Clinical Trial Summary

Open-label cohort study in adult patients with newly diagnosed or relapsing pemphigus vulgaris, with intra-patient dose-adjustment based on clinical response and BTK occupancy, and with conventional immunosuppressive "rescue treatment", if indicated. The duration of therapy in Part A will be 12 weeks, followed by 12 weeks of follow up. The extension phase, Part B includes 24 weeks of therapy, followed by 4 weeks of follow-up.

Description:

Primary Objectives:

To evaluate the safety of PRN1008 in patients with pemphigus vulgaris (PV)

To evaluate the clinical activity of PRN1008 in patients with PV, per criteria in the European Academy of Dermatology and Venereology (EADV) 2014 Pemphigus S2 Guideline (Hertl et al. 2015)

Secondary Objectives

To evaluate the pharmacokinetics (PK) and the pharmacodynamics (PD) of multiple doses of PRN1008 in patients with PV

To evaluate the relationship of PK and PD to each other and to efficacy and safety in this patient population

Recruitment information / eligibility

• Status: Completed
• Enrollment: 42
• Est. completion date: January 10, 2020
• Est. primary completion date: December 18, 2019
• Accepts healthy volunteers: No
• Gender: All
• Age group: 18 Years to 80 Years

Eligibility

Inclusion Criteria:

• Male or female patients, aged 18 to 80 years old, with biopsy-proven, mild-moderate PV (PDAI 8 to 45) in Part A and mild to severe PV in Part B (PDAI 8 to 60) that are either:

• newly diagnosed patients (i.e. naïve to an effective induction treatment regimen) for whom an initial period of PRN1008 monotherapy is judged clinically acceptable, or

• relapsing patients, for whom an initial period of PRN1008 monotherapy, or combination therapy with any of low dose corticosteroid, ie.0.5 mg/kg of prednis(ol)one per day

Exclusion Criteria:

• Pregnant or lactating women

• A history of malignancy of any type, other than surgically excised non-melanoma skin cancers or in situ cervical cancer within 5 years before the day of dosing

• Use of immunologic response modifiers with the following periods prior to Day 1: 1 week: cyclophosphamide; 4 weeks: intravenous immunoglobulin, Kinaret (anakinra) and Enbrel (etanercept); 12 weeks: Remicade (infliximab), Humira (adalimumab), Simponi (golimumab), Orencia (abatacept), Actemra (tocilizumab), Cimzia (certolizumab), Cosentyx (secukinumab), plasmapheresis; 6 months: Rituxan/MabThera (rituximab), ofatumumab, any other anti-CD20 antibody, other long acting biologics

• More than 0.5 mg/kg of prednis(ol)one per day ("low dose corticosteroids") within the two weeks prior to Day 1

• Use of proton pump inhibitor drugs such as omeprazole and esomeprazole

• Has received any investigational drug (or is currently using an investigational device) within the 30 days before receiving the first dose of study medication, or at least 5 times the respective elimination half-life time (whichever is longer)

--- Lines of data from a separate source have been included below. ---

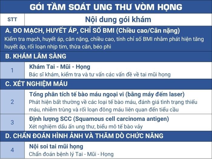 3. Thông tin chi tiết gói tầm soát ung thư vòm họng tại Phòng khám Bệnh viện Đại học Y Dược 1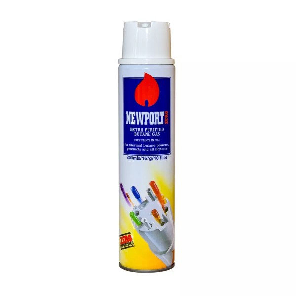 The number ONE Butane in Europe is now available here in the U.S. Newport butane is Extra Purified Near Zero Impurities Gas Perfect to use with Turbo flame Lighters, Refilling Butane Lighters, other Butane-Powered Products And other personal needs! (300 ml/ 10 fl oz) comes as a single can. A great deal. Includes EIGHT couplings/flints to help with odd ball lighters. Extra purified to keep your lighter clean from clogging. Size: 9” tall by 2" round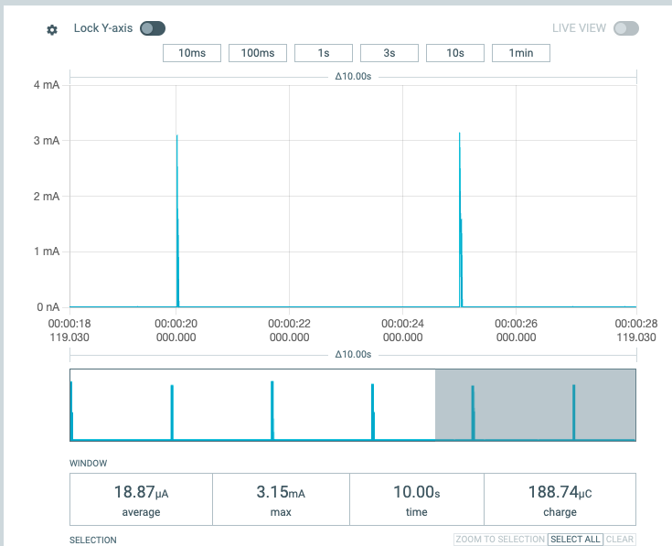 This power profile is of this PCB driving a Sharp 128×128 memory LCD and updating the display every 5 seconds (completely running within the ESP32-C6 ULP). 18.87uA average current from the 5V pin!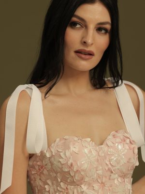 Blush pink and ivory floral lace corseted long gown with full bias cut skirt with white bows as straps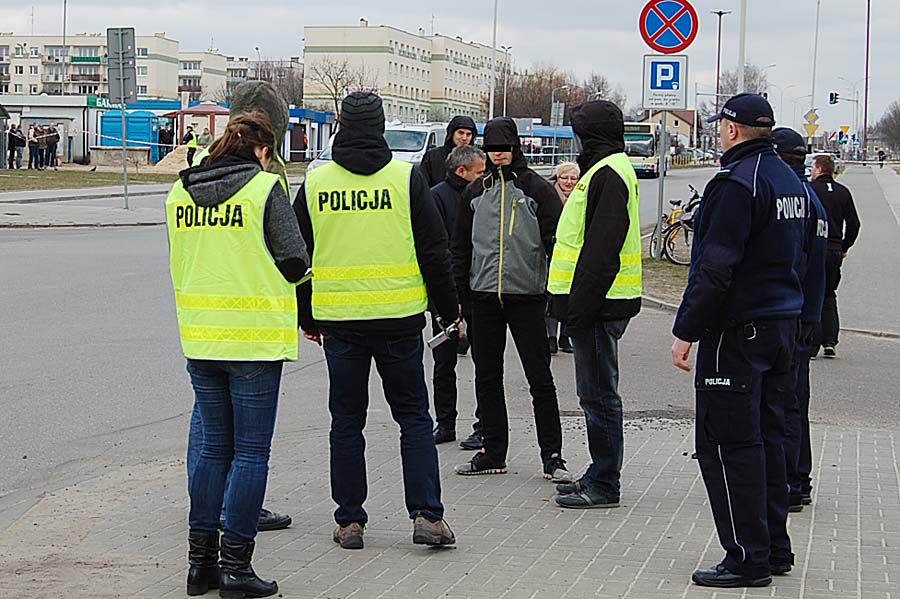 W trakcie wizji lokalnej każdy z oskarżonych po kolei w asyście policjantów i prokuratora odtwarzał właściwy przebieg zdarzenia. Jako pierwszy swoją wersję przedstawiał 28-letni Łukasz G. z Ksawerowa, który podobnie jak 19-letni Kamil K. z Górki Pabianickiej ma postawiony zarzut usiłowania pobicia ze skutkiem chuligańskim.

• History of drug abuse within the precious 12 months

• Alcoholism or excessive alcohol use, defined as regular consumption of more than approximately 3 standard drinks per day

• Refractory nausea and vomiting, malabsorption, external biliary shunt, significant bowel resection that would preclude adequate study drug absorption

• History of anorexia nervosa or periods of three months or more of low body weight in the past 5 years

• Donation of a unit or more of blood or blood products within 4 weeks prior to Day 1

• History of solid organ transplant

• History of epilepsy or other forms of seizures in the last 5 years

• Positive for screening for human immunodeficiency virus, hepatitis B (surface and core antibodies unrelated to vaccination), or hepatitis C (anti-HCV antibody confirmed with Hep C RNA)

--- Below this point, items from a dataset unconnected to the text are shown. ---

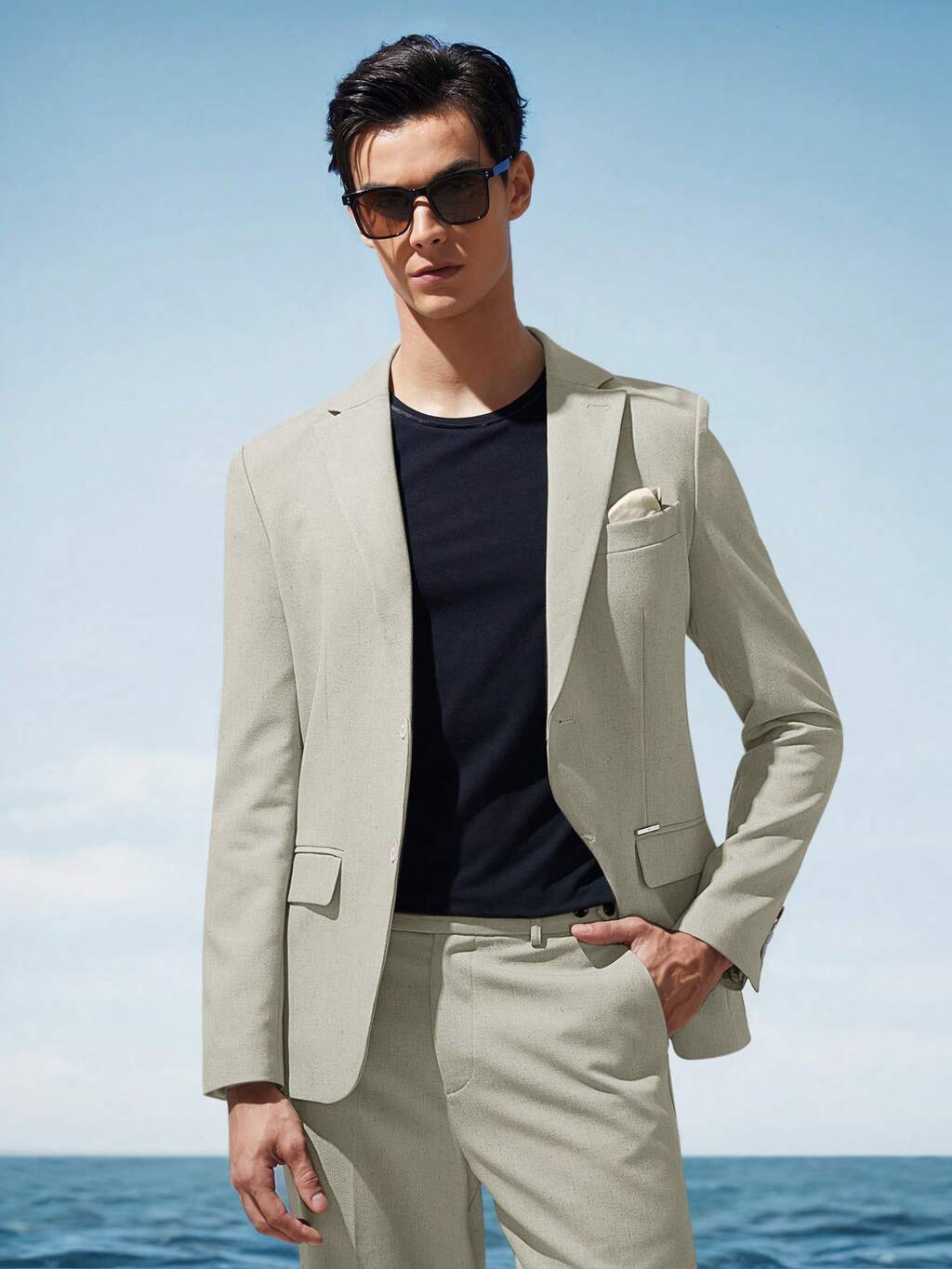 Easy Care UV Protection Men Woven Linen Business Blazer, For Fall Winter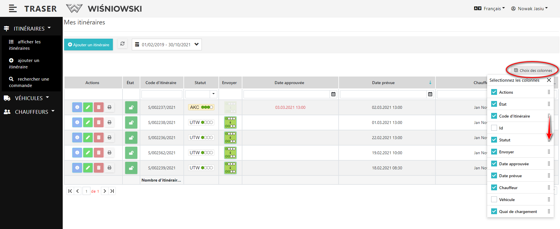 1. Affichez n'importe quel tableau. Cliquez sur le bouton "CHOIX DES COLONNES", déplacez ensuite la colonne choisie avec la souris à la position préférée.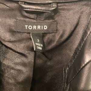 Chic charcoal leather jacket. Features bold button accents. Perfect for any occasion.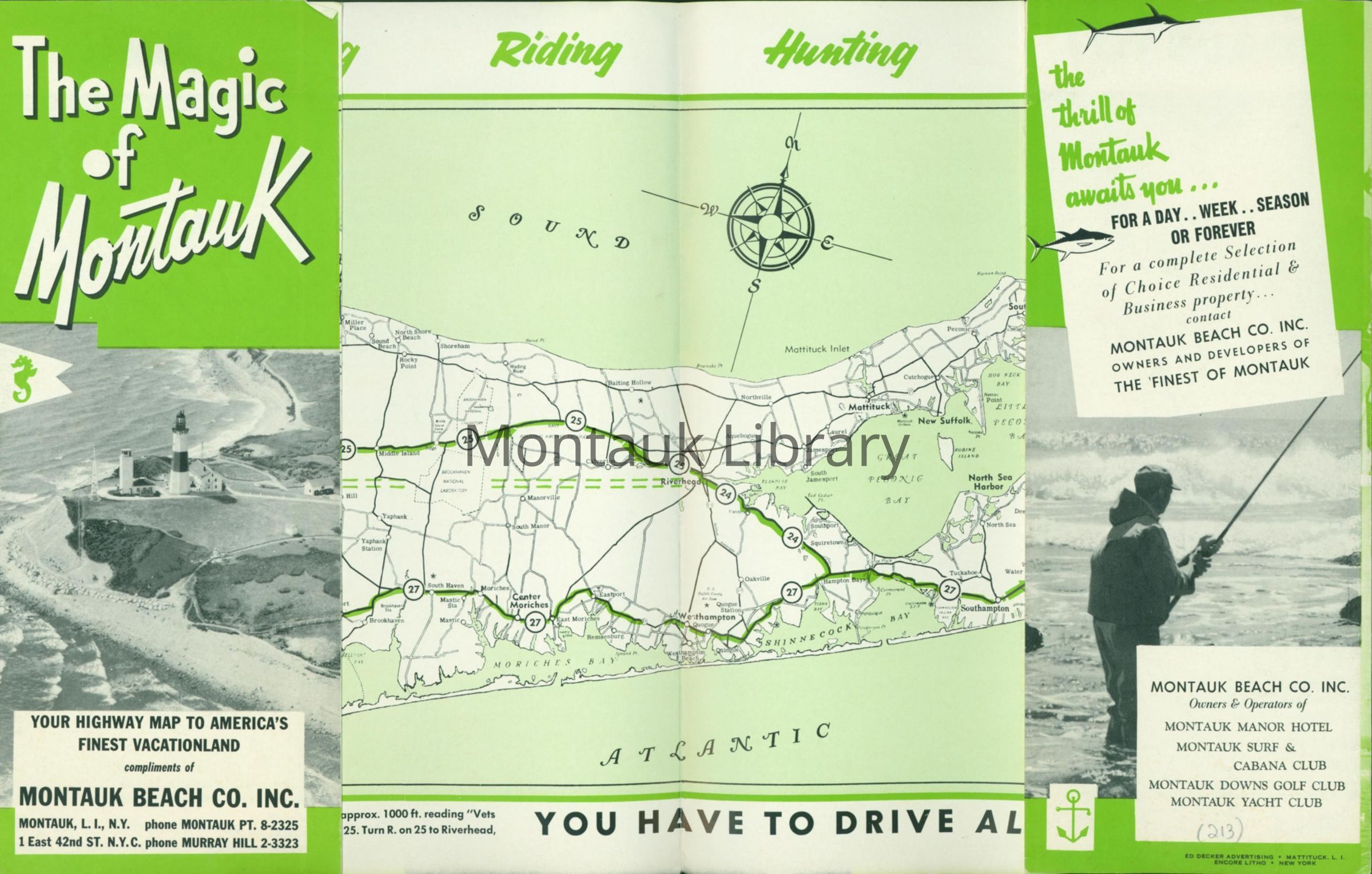 Fold-out brochure map and guide to Montauk published by the Montauk Beach Company.

• History of active or latent tuberculosis (TB) infection (must test negative using the QuantiFERON test to be eligible)

• History of serious infections requiring intravenous (by catheter that delivers antibiotics into your blood) treatment

• Live vaccine within 28 days prior to baseline or plan to receive one during the study

Related Conditions & MeSH terms

• Pemphigus
• Pemphigus Vulgaris

Intervention

Drug:
• PRN1008
Part A dosing was initiated administering 400 mg BID. Intrapatient dose adjustments (reductions and increases) were permitted based upon tolerability and clinical response with the maximum dose allowed up to 600 mg BID for 12 weeks. Part B initial dosing was 400 mg QD for 2 weeks with dose escalation to 400 mg BID at the discretion of the Investigator for the purposes of investigating dose response and identifying the minimal efficacious dose of rilzabrutinib for 24 weeks.

Locations

Country	Name	City	State
Australia	Sinclair Dermatology	East Melbourne	Victoria
Australia	Premier Specialists	Kogarah	New South Wales
Australia	Royal Melbourne, Dermatology Office	Melbourne	Victoria
Croatia	Clinical Hospital Osijek	Osijek
Croatia	Klinichki Bolnicki Centar Zagreb	Zagreb
France	Hôpital Avicenne	Bobigny	Siene-Saint Denis
France	Rouen University Hospital	Rouen
Greece	Hospital of Venereal and Skin Diseases A.Syggros	Athens
Greece	University General Hospital of Ioannina	Ioánnina	Ioannina
Greece	University Hospital of Larissa	Larissa	Thessaly
Greece	Papageorgiou General Hospital of Thessaloniki	Thessaloniki
Israel	Chaim Sheba Medical Center	Ramat-Gan
Israel	Tel Aviv Sourasky Medical Center	Tel Aviv

Sponsors (2)

Lead Sponsor	Collaborator
Principia Biopharma, a Sanofi Company	Principia Biopharma Australia Pty Ltd.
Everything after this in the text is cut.